As Michael followed the other two men out, he suddenly ran into the back of Hiram, who seemed to be transfixed on something. "Doc! Now ain't the time to sightsee!!" He physically moved the CMO forward, only to spin away when one of the drones reached for him. On reflex, as he spun, he drew his disruptor pistol and fired on the advancing drone. Had it been a real drone, it would have sparked and fallen back, dead. As it was a hologram, its image was shorted out, causing it to vanish back into the ether. "Definitely time to go, gentlemen!!"

"Agreed," Hiram responded, his tone was undiminished, but his expression had set somewhat, completely and utterly focused.
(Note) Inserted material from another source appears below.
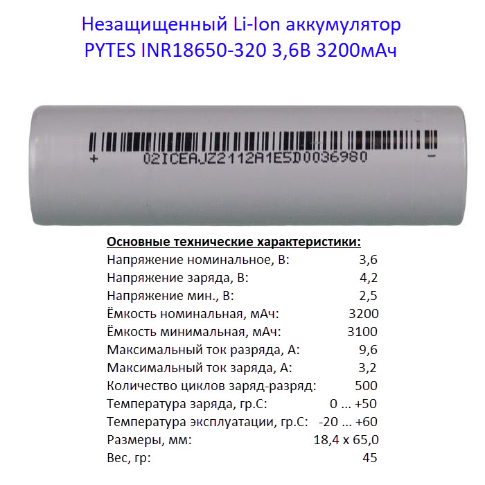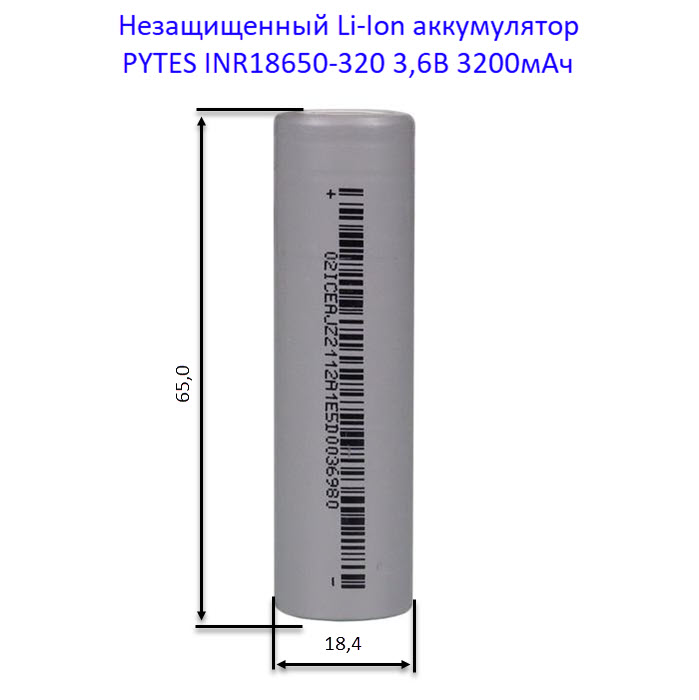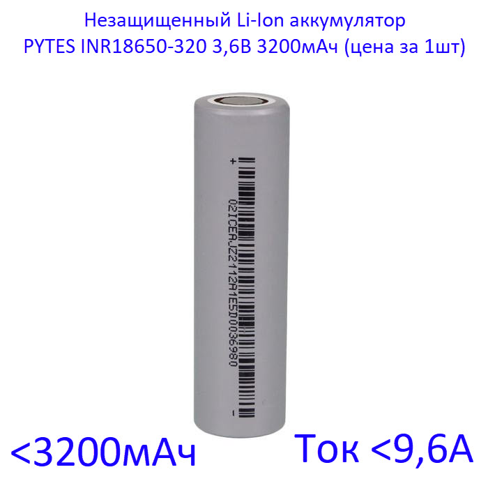 Купить оригинальные 18650 3200мАч PYTES INR18650-320 3,6В незащищенный Li-Ion аккумулятор по лучшей цене с доставкой - интернет магазин Запас Мощности.

Another drone attempted to advance toward them and Hiram slammed his heel into the thing's knee, driving his elbow into its shoulders and sweeping it off its feet in an expert maneuver. "Up there," he hooked onto the door that they'd originally entered through. "What about the bio-signs?" he directed to Gregnol. "We'll have to find some way to loop around."

The tricorder was in his hands and he could only see a faint life signed in the distance. "It is far away." The man called as two drones grabbed him and slammed him into the alcove winding him. The safeties might be off but it did not stop the big man from getting winded enough that he needed a moment to focus on what was happening around him.

Hiram rammed his elbow into one of the thing's faces, and hit it back hard with a heel kick straight at the thing's chest, sending it flying across the room in a shocking display of strength from the diminutive doctor. It gave Michael the opportunity to shoot the other one with his disruptor, disengaging it from the captain. "Come on," his gaze moved rhythmically between them both.

As the drones moved in on the group, the holograms first faded then the scenery disappeared leaving the familiar starting point of a holodeck. "Who stopped the holodeck finally?" Gregnol demanded relieved that the drones were gone. He quickly looked around the compartment to check that it was just the three of them but it was.

"It wasn't us," Hiram shrugged a little with his right shoulder. "Was it?"

Gregnol bent over breathing deeply as he tried to get the adrenaline to stop moving around his body to allow his heart to stop trying to escape his chest. "No, it was not." Gregnol was sure of that but it left so many questions of who did.

"You're all right," Hiram put a hand on Gregnol's shoulder, steadying him. "Try to breathe in through your nose, out through your mouth. We can even practice counting, if you want. You can call me Dr. Acula." His eyebrows bounced. Meanwhile, Hiram looked to Michael. "Let's try and work on a way around," he murmured, hefting his tricorder. Hiram's oath wouldn't allow him to abandon a potentially injured patient, even if it did involve risk.

“I am fine. Just Borg stuff of nightmares on top of guilt topped with sadness.” Gregnol said standing up straight with a cough as he regained composure. It was not like him at all but maybe just maybe the last few months were starting to get to him.

Micheal reholstered his disruptors, but, stayed at the ready. He was just about done with these holograms. "Let's get to the bottom of this," he growled.